## The data
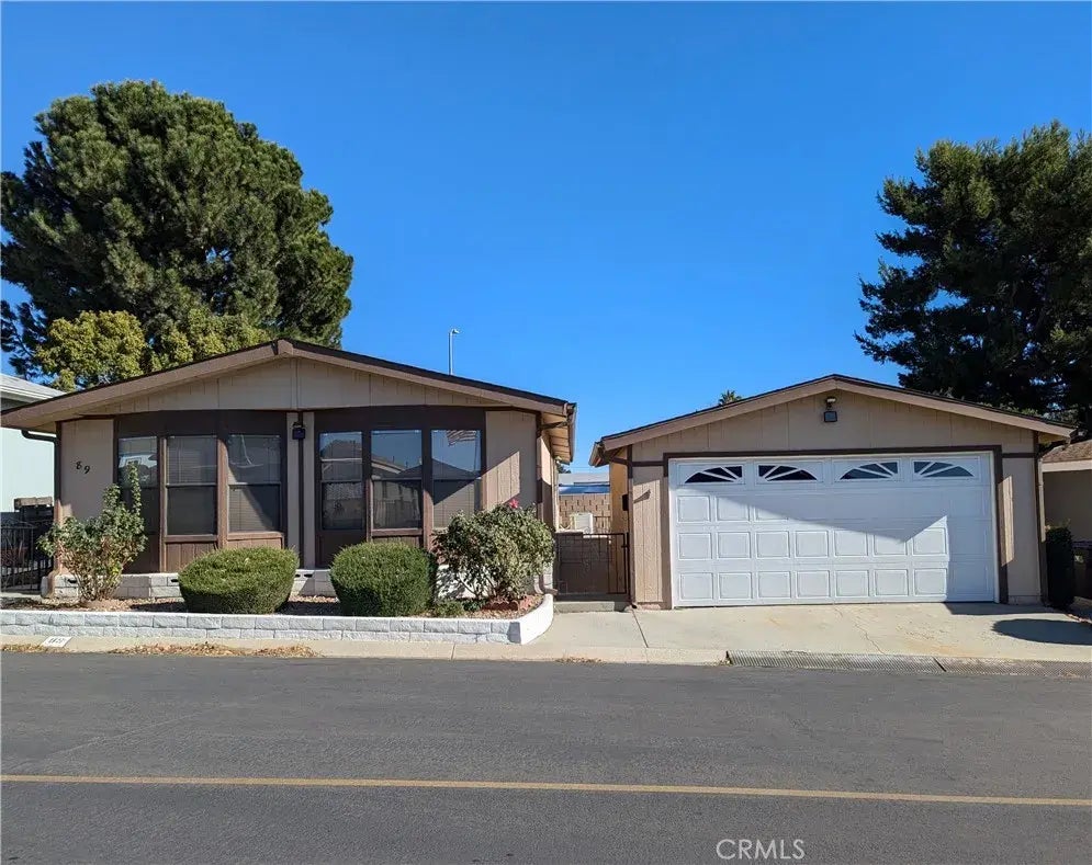 Banning Estates- Beautifully maintained 2 bedroom, 2 bath home with 1344 of living sf. Located in the 55+ adult community with pool, spa and clubhouse. Monthly HOA fees of $140. Manufactured home is situated on it own lot. Features a private low maintenance backyard with beautiful mountain views and 2 car detached garage. Home has fresh new paint throughout. New master bath vanity light and toilet. New kitchen recessed lighting. Water heater is 1 year old. Come and preview your new home.
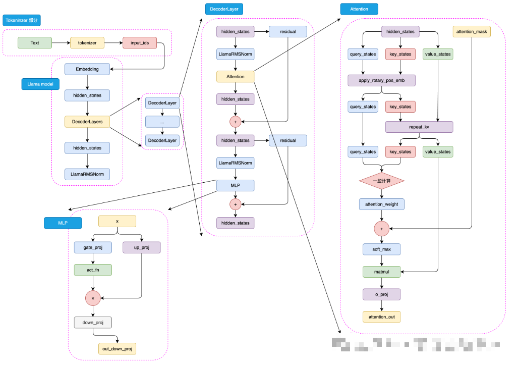 在完成了 LLaMA2 的 Attention 模块 和 MLP 模块 之后,我们终于可以组装出它的核心结构——Decoder Layer(解码层)。
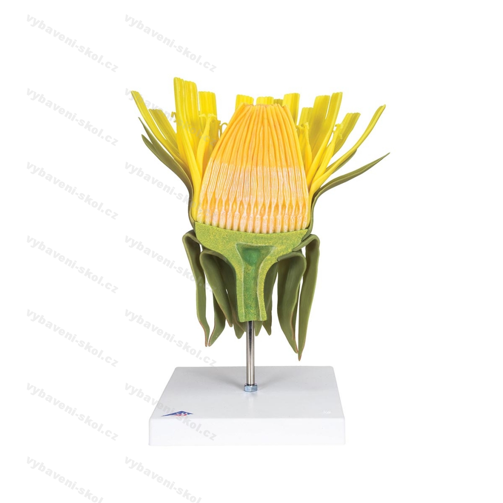 Květ pampelišky. Sada 3 plastovým modelů. Květenství v podélném řezu v 8 násobném zvětšení. Samostatné semínko s létacím orgánem. Samostatný květ.
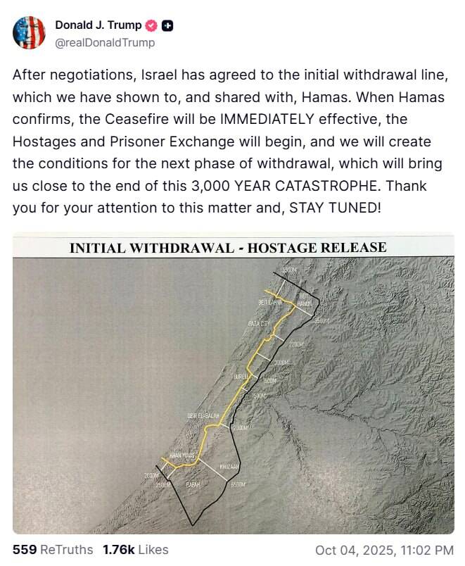 После переговоров Израиль согласился на первоначальную линию отвода, которую мы показали и передали ХАМАС, — Трамп.
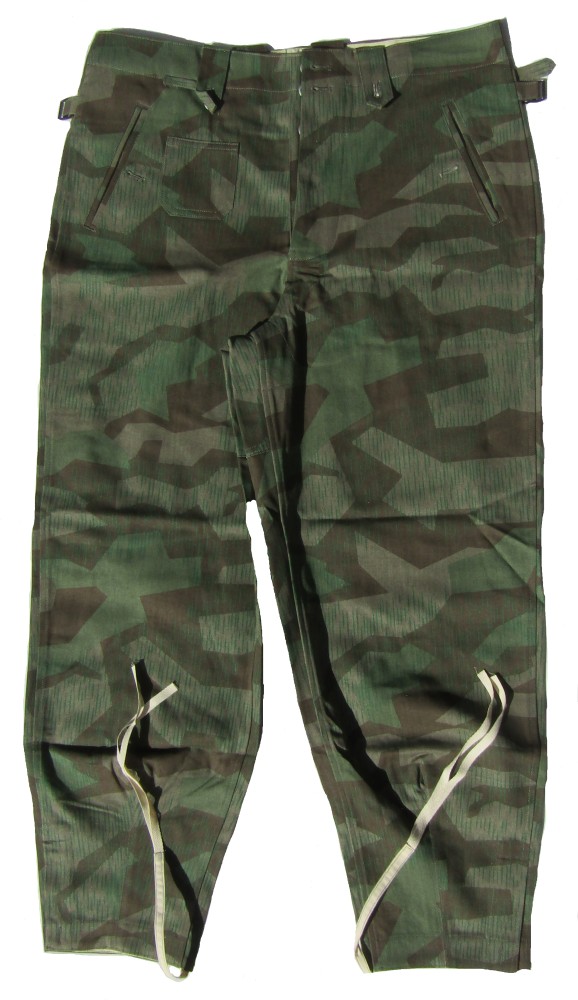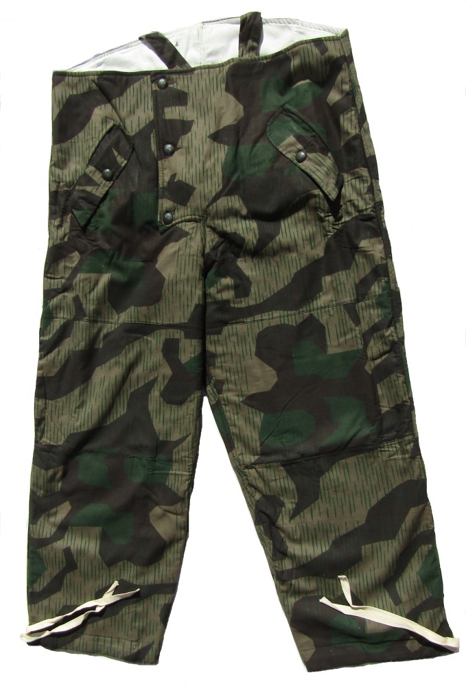 WW2 splinter pattern pants.Fall side out.These pants are straight leg and have 2 adjustable side belts,4 belt loops, suspender buttons, 2 front slash pockets with button closure, 1 rear pocket with button closure, 1 watch pocket with button closure, and partial lining. $39.95 SALE |
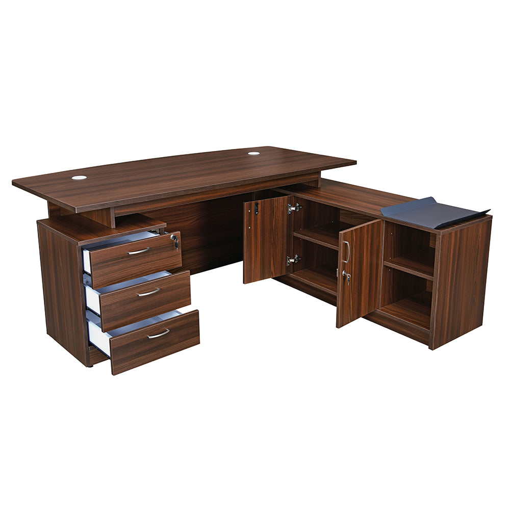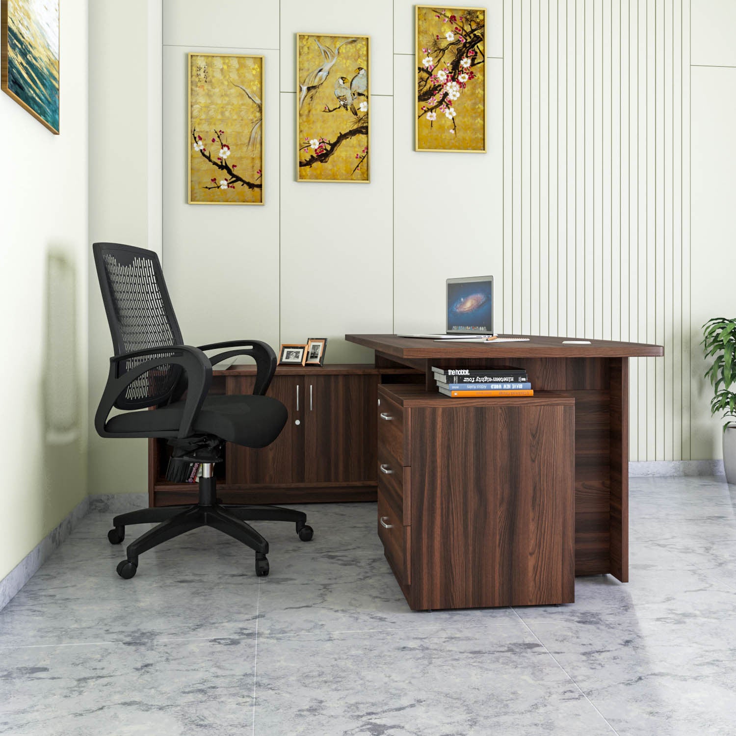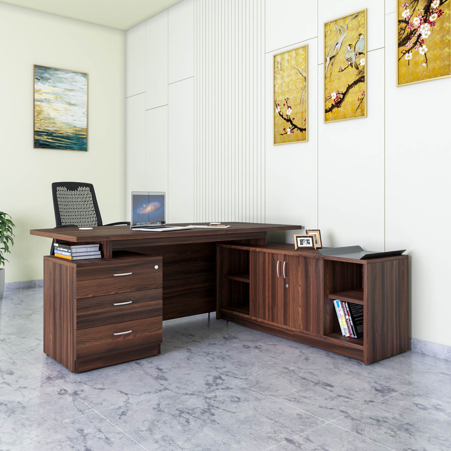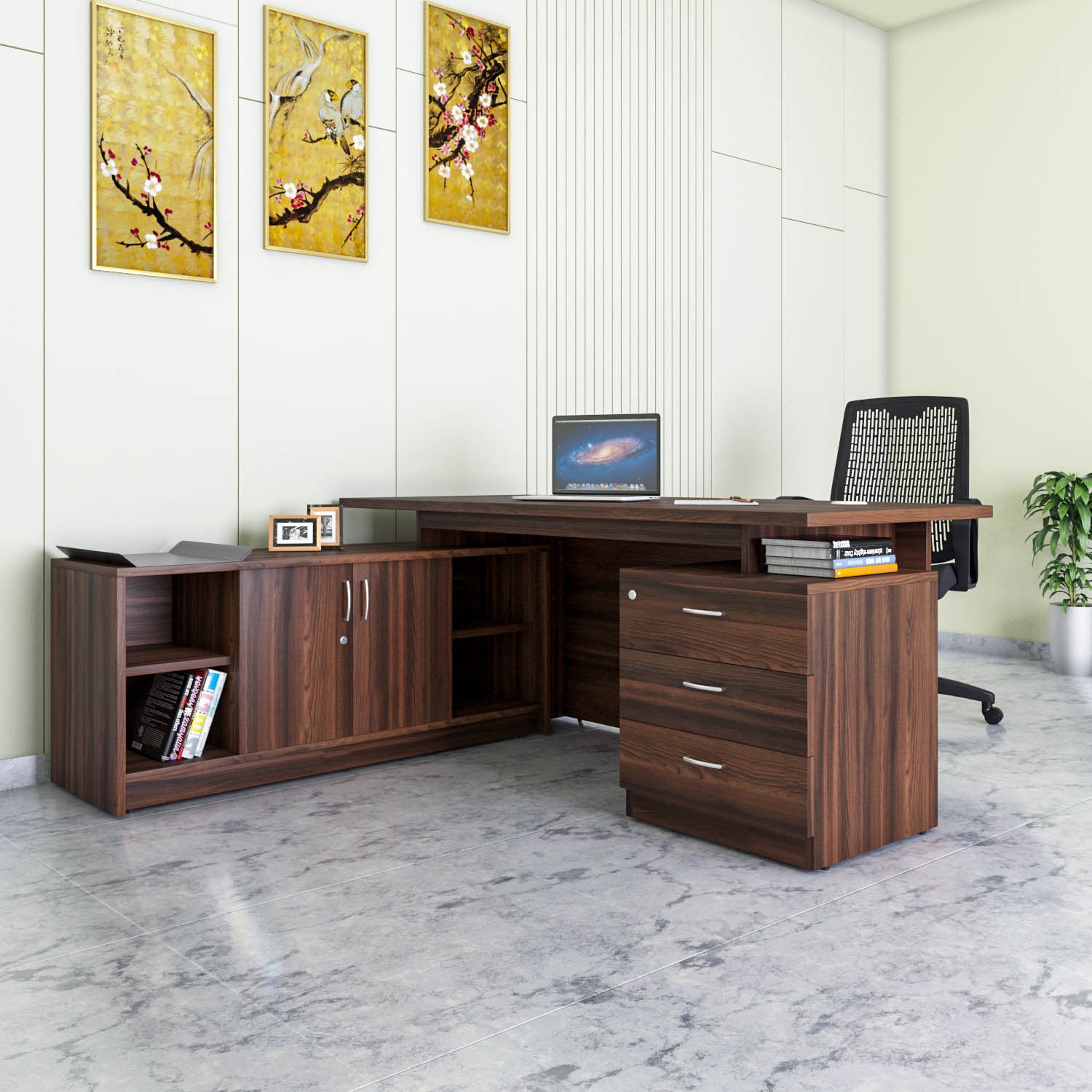The Nilkamal Elegant Neo Office Table is constructed from sturdy engineered wood, ensuring durability and reliability. It boasts a spacious wide tabletop, providing ample room for work essentials. Customers can choose to install the drawer and shelf sections on the either left or right side, making it adaptable to various setups. With a cabinet, four open shelves, and three drawers equipped with a single locking system, it offers convenient storage options for files, stationery, and personal items. This office table is ideal for home offices and professional settings, combining functionality with a sleek and modern design.

## Problem description
Could you write all the entries out again exactly, but without their pictures?

## Reply to the exercise
 Banning Estates- Beautifully maintained 2 bedroom, 2 bath home with 1344 of living sf. Located in the 55+ adult community with pool, spa and clubhouse. Monthly HOA fees of $140. Manufactured home is situated on it own lot. Features a private low maintenance backyard with beautiful mountain views and 2 car detached garage. Home has fresh new paint throughout. New master bath vanity light and toilet. New kitchen recessed lighting. Water heater is 1 year old. Come and preview your new home.
 在完成了 LLaMA2 的 Attention 模块 和 MLP 模块 之后,我们终于可以组装出它的核心结构——Decoder Layer(解码层)。
 Květ pampelišky. Sada 3 plastovým modelů. Květenství v podélném řezu v 8 násobném zvětšení. Samostatné semínko s létacím orgánem. Samostatný květ.
 После переговоров Израиль согласился на первоначальную линию отвода, которую мы показали и передали ХАМАС, — Трамп.
 WW2 splinter pattern pants.Fall side out.These pants are straight leg and have 2 adjustable side belts,4 belt loops, suspender buttons, 2 front slash pockets with button closure, 1 rear pocket with button closure, 1 watch pocket with button closure, and partial lining. $39.95 SALE |
The Nilkamal Elegant Neo Office Table is constructed from sturdy engineered wood, ensuring durability and reliability. It boasts a spacious wide tabletop, providing ample room for work essentials. Customers can choose to install the drawer and shelf sections on the either left or right side, making it adaptable to various setups. With a cabinet, four open shelves, and three drawers equipped with a single locking system, it offers convenient storage options for files, stationery, and personal items. This office table is ideal for home offices and professional settings, combining functionality with a sleek and modern design.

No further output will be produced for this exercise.